The baby sits in his high chair. He is learning to talk, but he isn't there yet. He is ,looking at an open cupboard, and he wants something he can see on the bottom shelf. His mother asks him a question.
“What do you want? Do you want a biscuit? Which kind?”
“That!” he answers triumphantly. He's pointing. Unfortunately his mother still has to guess, as he could be pointing at any one of two or three different kinds...
So, “that” is being used as an answer to the question “which one?”. What Hamlet meant was, that his question was whether it was better to be (alive) or to not be (to be dead.)
However sometimes the answer to the question is not 'that one', but 'this one'. That is the word used
when we're talking about something distant, even if only by a metre, as far as an open kitchen cupboard is from a 10 month old baby in a high chair.
Another child is 5 years old. She's upset, and she's crying with frustration. Her mother comes into the living room, where the child was colouring in a picture her teacher had given her, of a farm yard.
The mother asks “What's the problem, Susan?”
“The dog took my pencil and she chewed it, and slobbered all over it!”
Susan holds up an orange colouring pencil. The end of it resembles a paintbrush.
That as a determiner (also this, who and which) are also used in relative clauses. Again, they answer the question - which woman, which house, which job are you talking about?
• The woman, who lives across the road from the school, is the principal.
• The house, which had been on the market since 2007, has finally been sold for $900,000!
• I left my job, in which I was a supermarket check out operator, when I decided to move to Wellington.
• One of my coffee cups, this red one here, got broken when I was out last night. Can any of you explain how that happened?

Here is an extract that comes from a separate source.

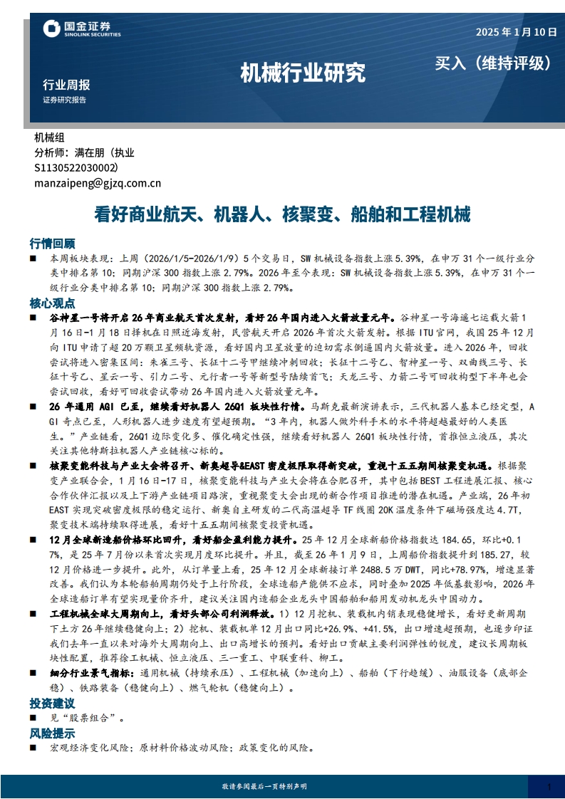 2026-01-11-国金证券--机械行业研究:看好商业航天、机器人、核聚变、船舶和工程机械
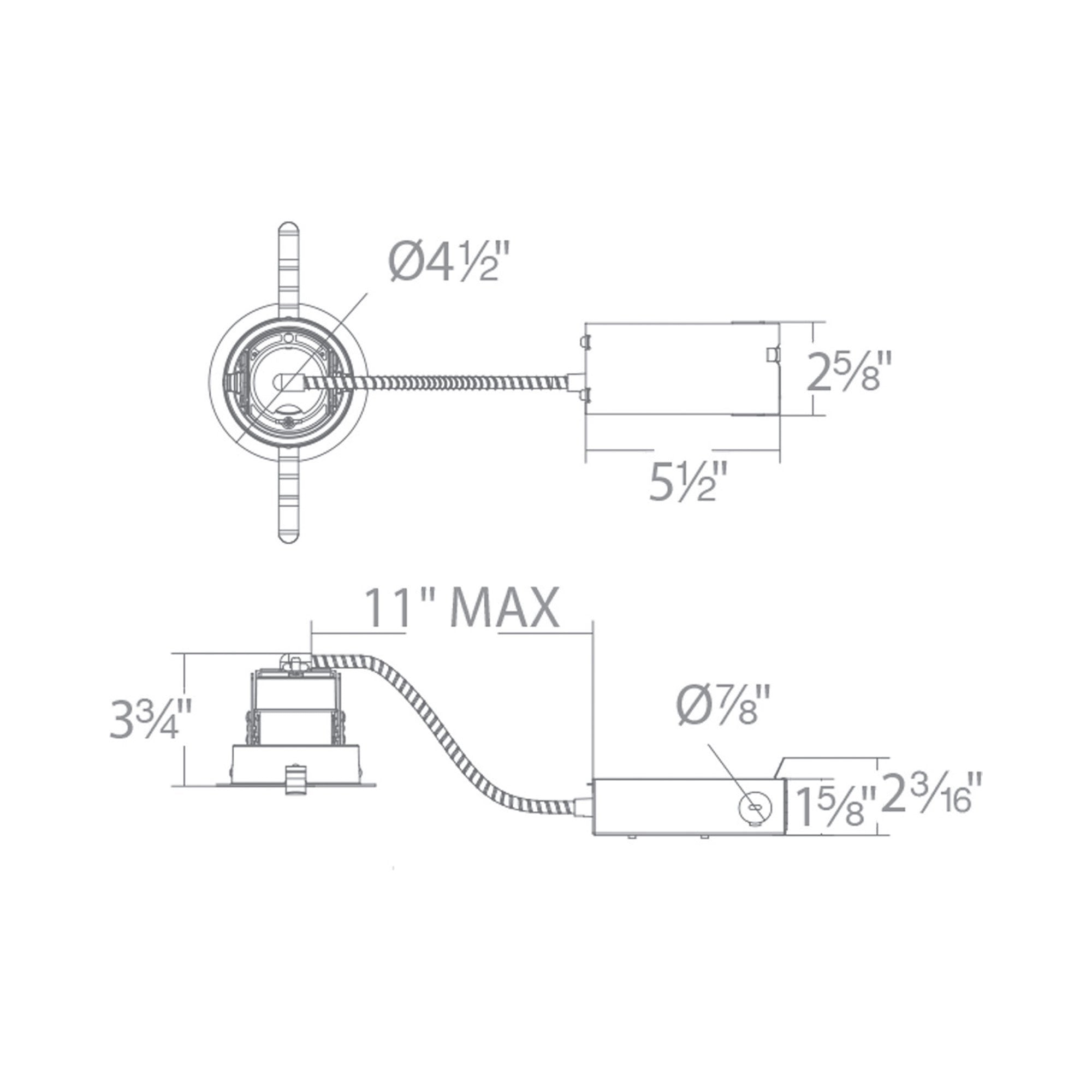 - Trimless: 12.63"W X 3.88"H; 18.31" Length

That, and which are never used to refer to people, but instead, to things and people, and usually animals (except sometimes pets). For people and for domestic animals as can be seen in the first example, 'who' must be
• The sheep, which had been grazing on swampy land, were found to have foot rot, and could not be cured.

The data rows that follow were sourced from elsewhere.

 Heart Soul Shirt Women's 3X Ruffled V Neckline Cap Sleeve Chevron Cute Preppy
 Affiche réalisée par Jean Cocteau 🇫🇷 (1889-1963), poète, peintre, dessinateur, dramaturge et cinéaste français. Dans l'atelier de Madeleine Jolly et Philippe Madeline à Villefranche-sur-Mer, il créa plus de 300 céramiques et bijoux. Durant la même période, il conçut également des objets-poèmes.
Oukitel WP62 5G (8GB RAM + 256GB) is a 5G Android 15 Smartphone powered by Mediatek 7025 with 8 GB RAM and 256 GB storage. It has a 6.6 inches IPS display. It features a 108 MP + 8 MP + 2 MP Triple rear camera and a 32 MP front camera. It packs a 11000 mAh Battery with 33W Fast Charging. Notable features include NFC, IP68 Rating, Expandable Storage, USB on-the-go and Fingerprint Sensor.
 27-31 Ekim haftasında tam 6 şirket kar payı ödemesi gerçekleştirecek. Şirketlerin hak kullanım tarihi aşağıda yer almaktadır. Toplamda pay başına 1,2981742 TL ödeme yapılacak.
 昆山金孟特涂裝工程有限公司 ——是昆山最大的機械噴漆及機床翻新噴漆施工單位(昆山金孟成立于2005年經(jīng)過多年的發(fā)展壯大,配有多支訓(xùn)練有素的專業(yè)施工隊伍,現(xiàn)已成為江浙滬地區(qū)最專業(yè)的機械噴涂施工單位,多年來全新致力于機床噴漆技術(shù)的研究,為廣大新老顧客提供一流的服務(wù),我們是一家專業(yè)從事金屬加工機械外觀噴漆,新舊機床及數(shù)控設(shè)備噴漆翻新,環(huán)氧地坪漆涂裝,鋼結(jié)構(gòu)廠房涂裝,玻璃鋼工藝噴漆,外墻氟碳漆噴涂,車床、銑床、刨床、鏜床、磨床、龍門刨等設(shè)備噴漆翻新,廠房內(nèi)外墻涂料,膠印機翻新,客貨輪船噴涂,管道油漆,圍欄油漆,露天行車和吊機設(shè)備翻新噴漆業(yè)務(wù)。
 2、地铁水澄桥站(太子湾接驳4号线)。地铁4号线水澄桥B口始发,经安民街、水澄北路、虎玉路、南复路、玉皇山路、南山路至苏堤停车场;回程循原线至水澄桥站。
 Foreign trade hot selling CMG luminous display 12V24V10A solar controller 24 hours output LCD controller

• The doctor, who had immigrated from Sri Lanka, had been working as a taxi driver until his qualifications were recognised and he joined the staff of our laboratory.

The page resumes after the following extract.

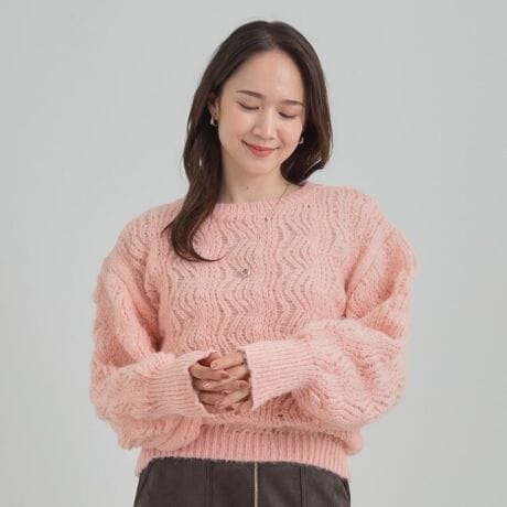 ふんわりとした素材感と、ざっくりと編まれた透かし柄が印象的なニット。
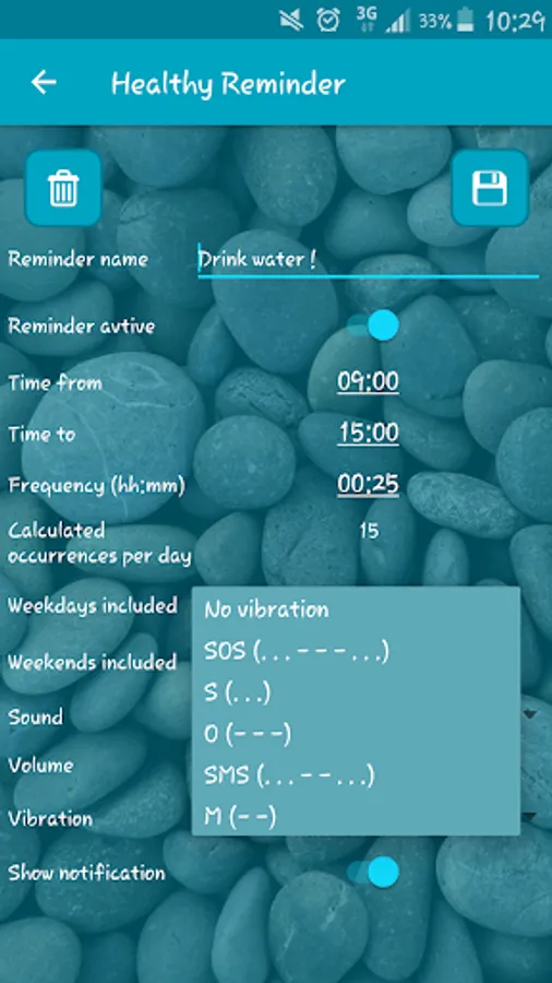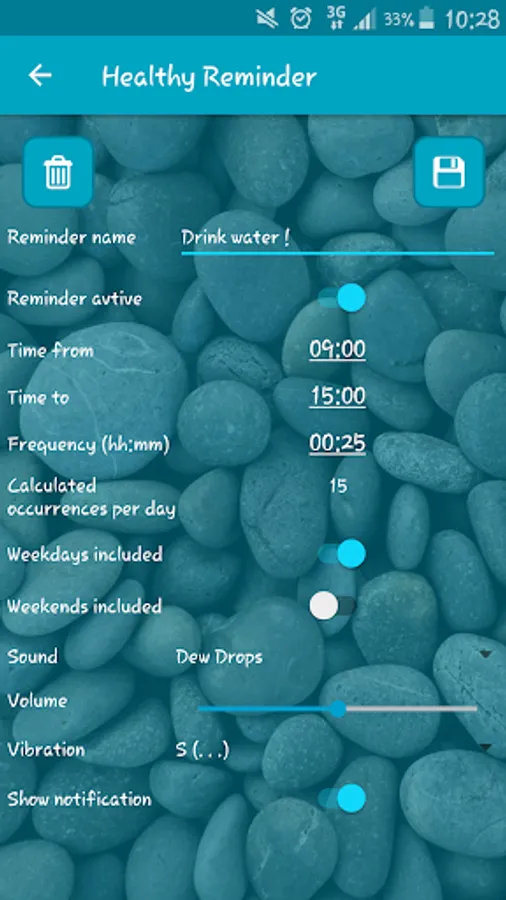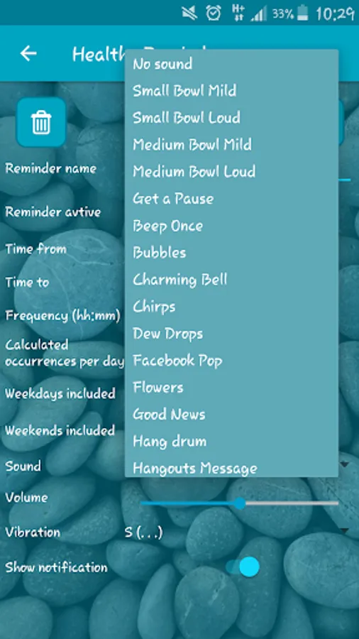 - possibility to choose your own custom reminder sound from MP3, OGG, WAV files from your phone

• I took my cat, who was coughing all day and all night, to see the vet.
You can see that the relative clause (the one between commas) can be removed, and still leave a complete sentence. Its only purpose is to clarify to the listener exactly what is being discussed.
There are rules about when to use 'that' and when to use 'which', but as these rules are somewhat
old-fashioned, I don't think they're important for you to know. But in case you do, visit this site:
“In the first one, the clause “that is painted pink” is a restrictive clause, because it limits the scope of the word “house”, indicating that the writer doesn’t mean any house, only the one that has been painted in that particular colour; if he takes that clause out, all that’s left is "The house has just been
sold": the reader no longer knows which house is being referred to and the sentence loses some crucial information. In the second example the clause is non-restrictive: the writer is giving additional information about a house he’s describing; the clause "which is painted pink" is here parenthetical — the writer is saying “by the way, the house is painted pink” as an additional bit of
information that’s not essential to the meaning and could be taken out”
“Older grammar books make two firm points about the difference between the two types of clause:
• Restrictive clauses are introduced by that and are not separated from the rest of the sentence by commas.
• Non-restrictive clauses are introduced by which and must be separated by commas from the rest of the sentence to indicate parenthesis”
2. That as an intensifier.
This use is pretty informal, but it does exist. For instance, I used it this morning, when listening to the radio, and hearing an interview with a singer. Something she said made me exclaim
“Is she really that arrogant?”
You probably won't find that usage in grammar books, but you will hear people using it.
3. That used to introduce quoted speech.
"Lisa Algurri from Wellington Zoo, said that the penguin would be operated on tomorrow to see whether it had an obstruction in its stomach".
(This usage is not acceptable in American English, but then this blog is not about American English, so that's not a problem is it?)